Since voters passed Proposition 47 in 2014, the initiative has been a focus of debate over whether it is the reason for the rash of retail thefts across the state. Democratic lawmakers say that the measure helped reduce prison populations and that some areas have seen property crimes go down. Republicans say the measure has led to a lack of arrests and less accountability for thieves.

Legislators plan to fast-track bills to crack down on retail theft in California, pressuring supporters of a proposed tough-on-crime initiative on the November ballot to abandon that effort.

June 6, 2024

The secretary of state has verified that the measure gathered enough signatures to qualify for the ballot, made possible by a multimillion-dollar signature-gathering effort that big-box retailers including Walmart, Home Deport and Target largely funded.

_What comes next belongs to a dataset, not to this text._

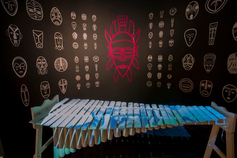 Pintadas en las paredes, las salas y las secciones exhiben bandas amarillas, azules y rojas; sus longitudes indican las “dosis” que unos objetos o unos ritmos recibieron de una cultura. Así, el rojo predomina en los objetos de la música cubana.

The ballot initiative, called the Homelessness, Drug Addiction, and Theft Reduction Act, would change the law to make a third offense of theft, regardless of the value of merchandise, a felony punishable by up to three years in prison. The measure also would make possession of fentanyl a felony. Finally, the measure would impose a “treatment-mandated felony” the third time someone is arrested for drug possession.

Democrats have crafted a comprehensive 14-bill package that they think will address the issue of property crime and drug use in California — without the need to go back to the ballot box.

Gov. Gavin Newsom has repeatedly said he is against bringing Proposition 47 back to the ballot.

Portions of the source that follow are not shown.